On this point, too, we may have certain stereotypes about masculinity as well. Some men who are attacked or feel an attack is imminent, may respond aggressively, others more passively. Again, the question is whether this factor implies that only one type of response is appropriate. I think this is something that may warrant addressing on deliberation in committee.

A final factor that we may want to address is in (f), which refers to the nature, duration and history of any relationship between the parties to the incident, including any prior use of threat or force and the nature of that force, or threat. I can imagine that this could raise difficulties in conjugal relationships where there is a long and complex history between the partners and the focus of the police service or the judge may be on the physical relationship or force, not taking into account considerations like economic dependency or psychological force that are also important.

Indeed, I have a particular concern here that couples that may have had a disturbing relationship over time and then one partner crosses the line, a judge may pass it off as par for the course instead of addressing it as a serious act of conjugal violence. Again, this is something best addressed in committee.

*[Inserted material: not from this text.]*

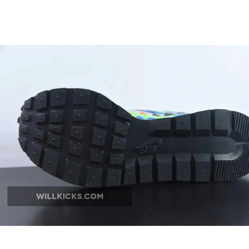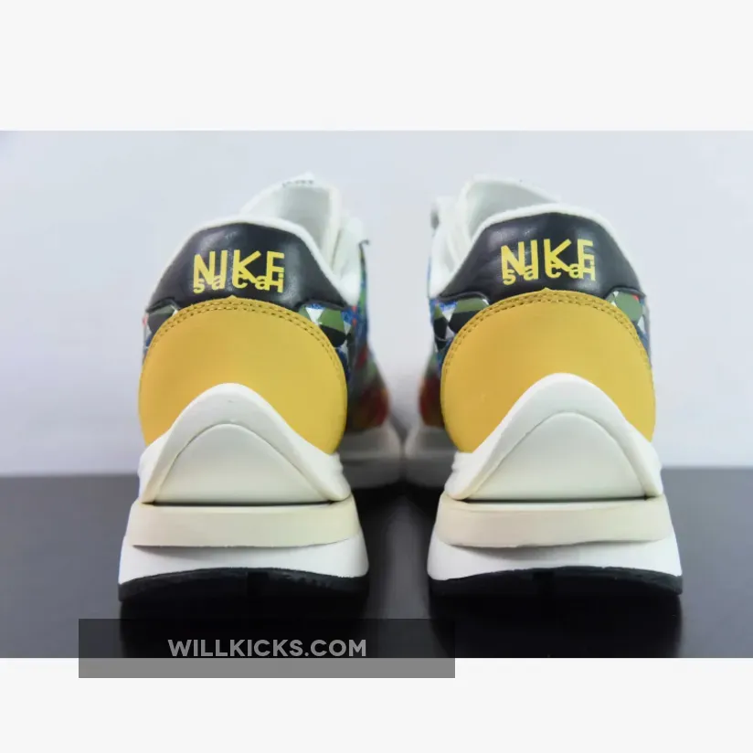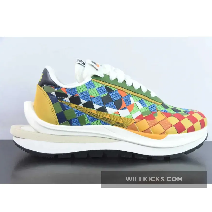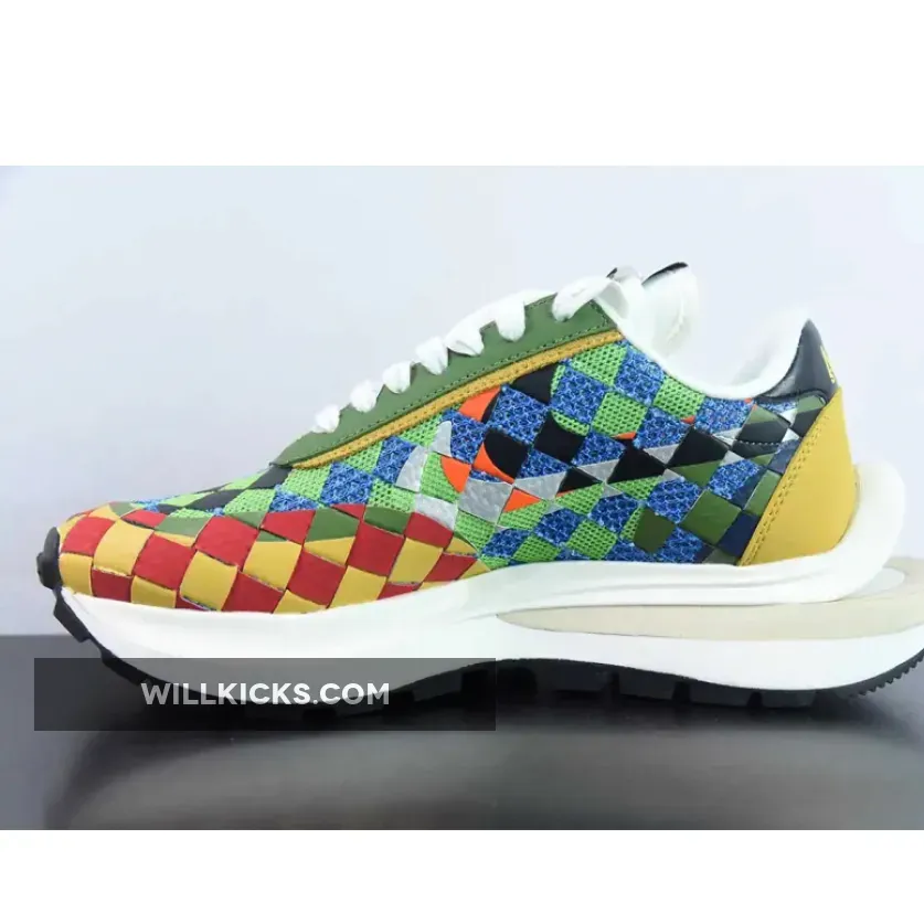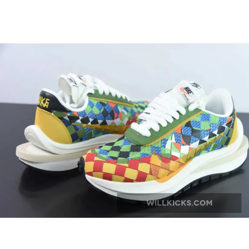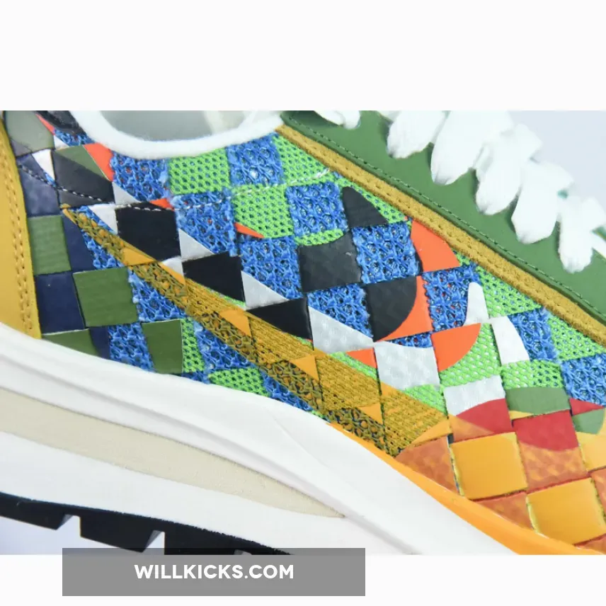 Leather and mesh are woven in a combo of green, red, yellow, and brown near the mudguard and between the upper and sole unit while the base layer features a green mesh spotted throughout the checkerboard design. Suede eyestays host a set of white rope laces that sit atop the doubled tongue which features two hits of sacai x Nike branding.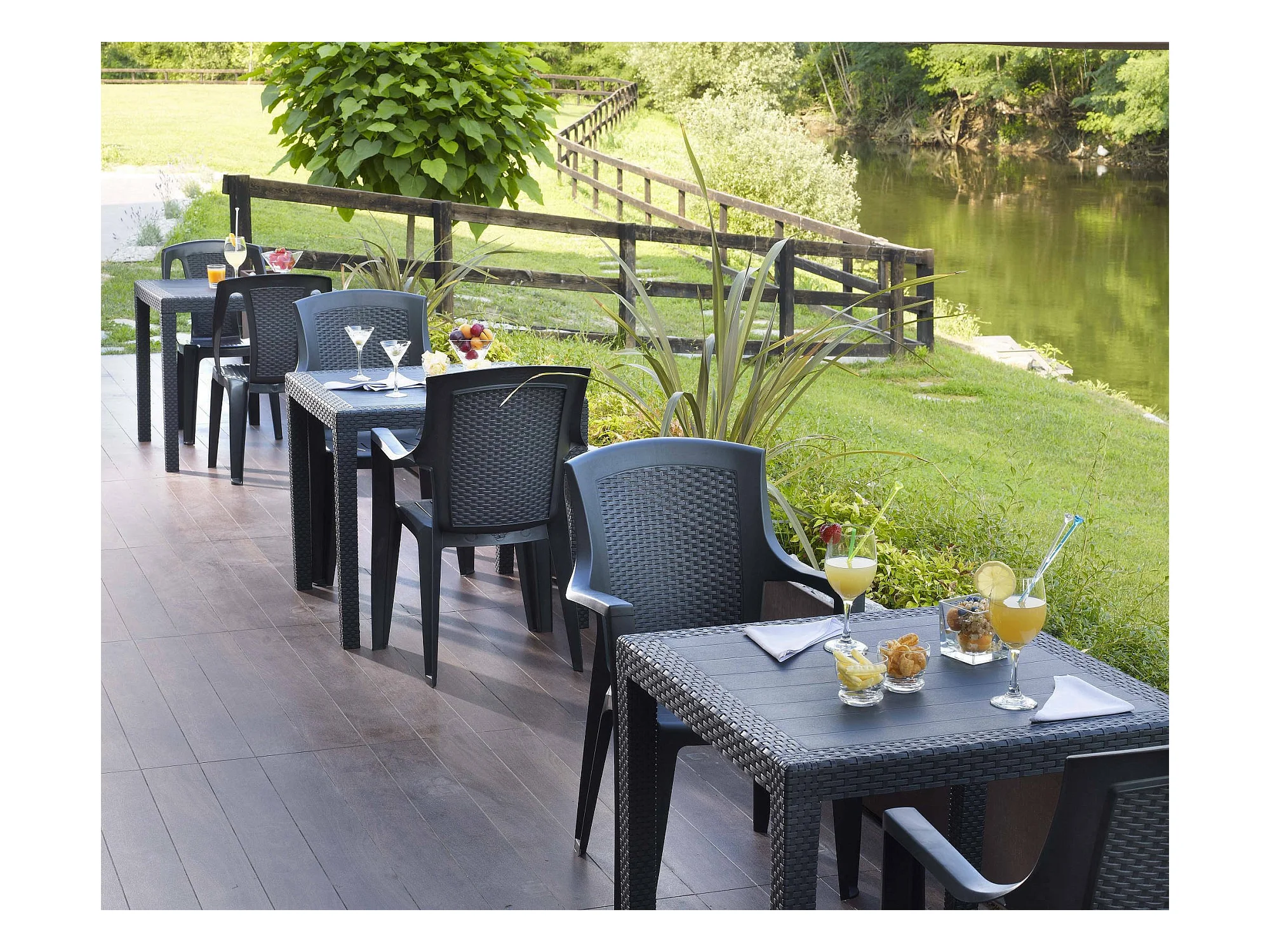 Gartentisch Daanan, Quadratischer Gartentisch, feststehender Couchtisch in Rattan-Optik, 100 % Made in Italy, 80x80h72 cm, Anthrazit

The final concern I have with the bill has been raised by numerous academics and has been raised this morning as well. It is the potential risk for vigilantism, which we certainly do not want to promote this.

With reference to my comments earlier about the scope of self-defence no longer being just assault and the addition of the word “threat” of force, it may be that we are somewhat overbroadening this bill such that we may give a pass to those who really should not be engaging in matters best left to our informed and uniformed first responders.

I welcome this modification to Canada's criminal law. It would clarify and streamline self-defence and defence of property. However, as I mentioned, I have some concerns with some of the factors enunciated in this legislation. It is my hope that, through thoughtful and informed deliberation and debate in committee, we may be able to address these issues and favourably resolve them. The bill can then enjoy the full support of the House, as it now has, as a matter of principle, but then can be more fully supported with regard to any considerations that may raise some matters for concern.